TASK DETAILS = An exact copy of the lines of the listing below between the "Desde la Secretaría" line and the "SC 402 is a" line, both included, is the whole answer; please omit the pictures.

EXERCISE DATA =
◇ ◇ ◇ ◇
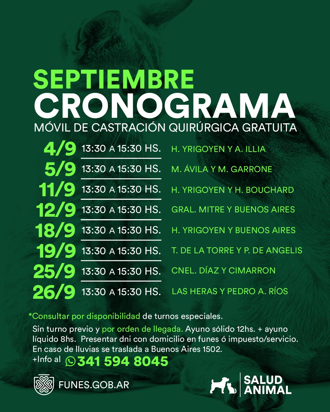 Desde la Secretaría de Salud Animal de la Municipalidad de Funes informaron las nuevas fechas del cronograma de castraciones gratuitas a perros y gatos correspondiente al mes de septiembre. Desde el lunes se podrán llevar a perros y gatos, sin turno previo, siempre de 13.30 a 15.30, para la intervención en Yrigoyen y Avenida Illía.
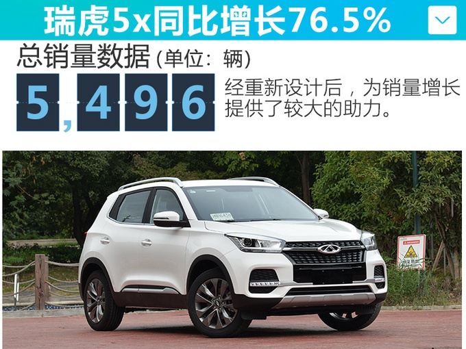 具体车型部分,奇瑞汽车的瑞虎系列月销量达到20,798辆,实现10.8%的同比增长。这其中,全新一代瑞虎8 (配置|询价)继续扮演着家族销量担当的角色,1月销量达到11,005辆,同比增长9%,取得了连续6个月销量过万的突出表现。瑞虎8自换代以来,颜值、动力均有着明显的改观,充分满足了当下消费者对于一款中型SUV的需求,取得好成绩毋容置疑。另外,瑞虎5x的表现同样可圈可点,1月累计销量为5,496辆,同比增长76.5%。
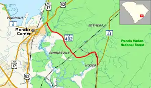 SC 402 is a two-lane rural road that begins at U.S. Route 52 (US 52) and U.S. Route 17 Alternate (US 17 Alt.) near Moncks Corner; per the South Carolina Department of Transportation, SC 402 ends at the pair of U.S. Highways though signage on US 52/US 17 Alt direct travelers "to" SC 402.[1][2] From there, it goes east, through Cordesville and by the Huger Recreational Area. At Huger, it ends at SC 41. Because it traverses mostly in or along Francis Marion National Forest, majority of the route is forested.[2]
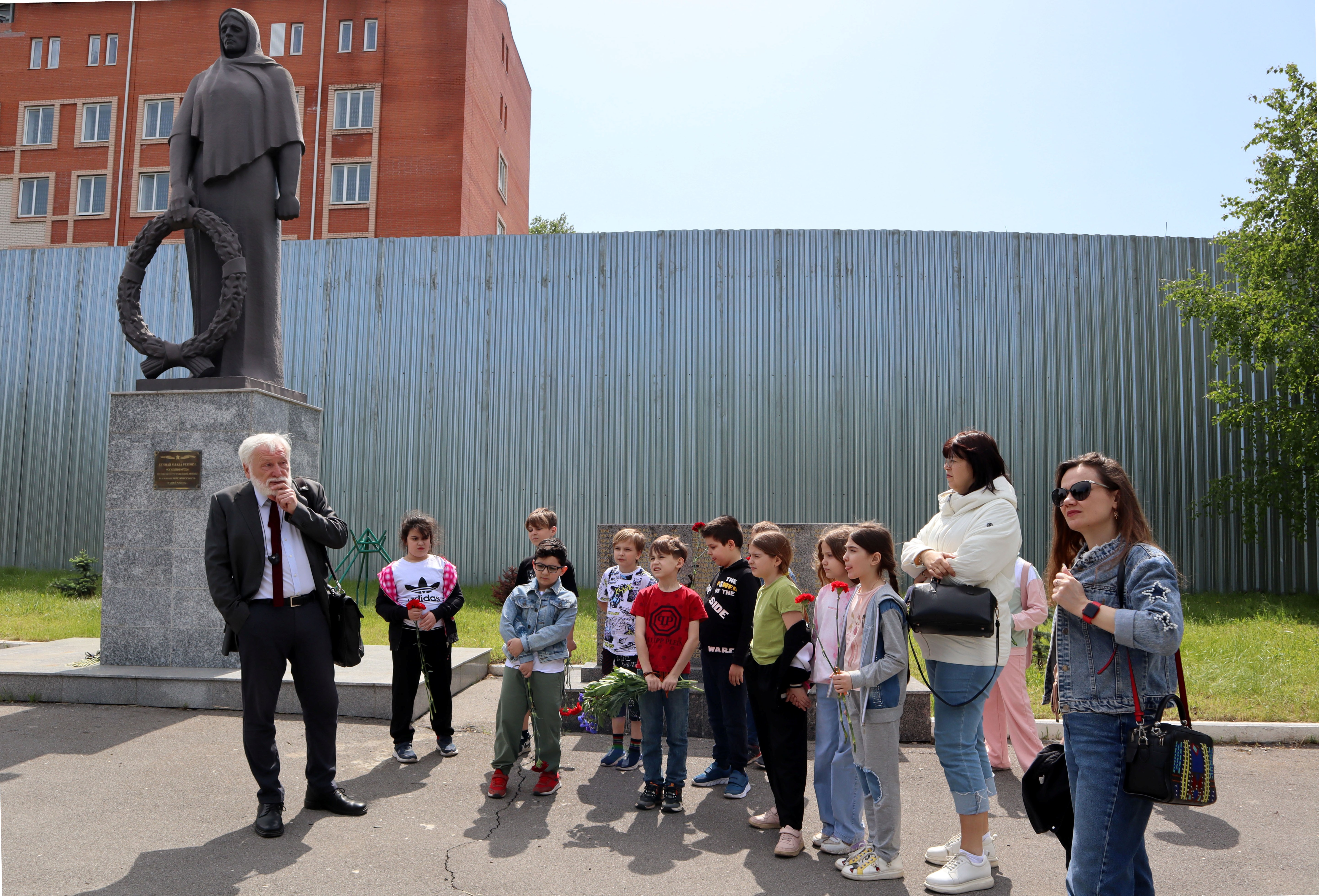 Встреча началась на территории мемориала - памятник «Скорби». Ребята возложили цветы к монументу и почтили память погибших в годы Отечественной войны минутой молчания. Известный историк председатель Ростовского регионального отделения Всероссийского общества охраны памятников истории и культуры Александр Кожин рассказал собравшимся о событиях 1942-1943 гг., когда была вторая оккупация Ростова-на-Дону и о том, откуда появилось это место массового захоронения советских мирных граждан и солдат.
◇ ◇ ◇ ◇
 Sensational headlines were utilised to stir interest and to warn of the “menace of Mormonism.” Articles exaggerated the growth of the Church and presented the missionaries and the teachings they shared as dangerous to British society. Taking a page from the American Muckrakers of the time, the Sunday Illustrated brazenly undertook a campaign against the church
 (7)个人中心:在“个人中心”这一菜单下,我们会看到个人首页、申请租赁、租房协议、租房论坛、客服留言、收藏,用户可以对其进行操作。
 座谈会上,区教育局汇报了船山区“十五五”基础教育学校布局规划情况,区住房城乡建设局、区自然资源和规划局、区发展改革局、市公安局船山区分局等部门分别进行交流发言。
◇ ◇ ◇ ◇
EXPECTED ANSWER =
 Desde la Secretaría de Salud Animal de la Municipalidad de Funes informaron las nuevas fechas del cronograma de castraciones gratuitas a perros y gatos correspondiente al mes de septiembre. Desde el lunes se podrán llevar a perros y gatos, sin turno previo, siempre de 13.30 a 15.30, para la intervención en Yrigoyen y Avenida Illía.
 具体车型部分,奇瑞汽车的瑞虎系列月销量达到20,798辆,实现10.8%的同比增长。这其中,全新一代瑞虎8 (配置|询价)继续扮演着家族销量担当的角色,1月销量达到11,005辆,同比增长9%,取得了连续6个月销量过万的突出表现。瑞虎8自换代以来,颜值、动力均有着明显的改观,充分满足了当下消费者对于一款中型SUV的需求,取得好成绩毋容置疑。另外,瑞虎5x的表现同样可圈可点,1月累计销量为5,496辆,同比增长76.5%。
 SC 402 is a two-lane rural road that begins at U.S. Route 52 (US 52) and U.S. Route 17 Alternate (US 17 Alt.) near Moncks Corner; per the South Carolina Department of Transportation, SC 402 ends at the pair of U.S. Highways though signage on US 52/US 17 Alt direct travelers "to" SC 402.[1][2] From there, it goes east, through Cordesville and by the Huger Recreational Area. At Huger, it ends at SC 41. Because it traverses mostly in or along Francis Marion National Forest, majority of the route is forested.[2]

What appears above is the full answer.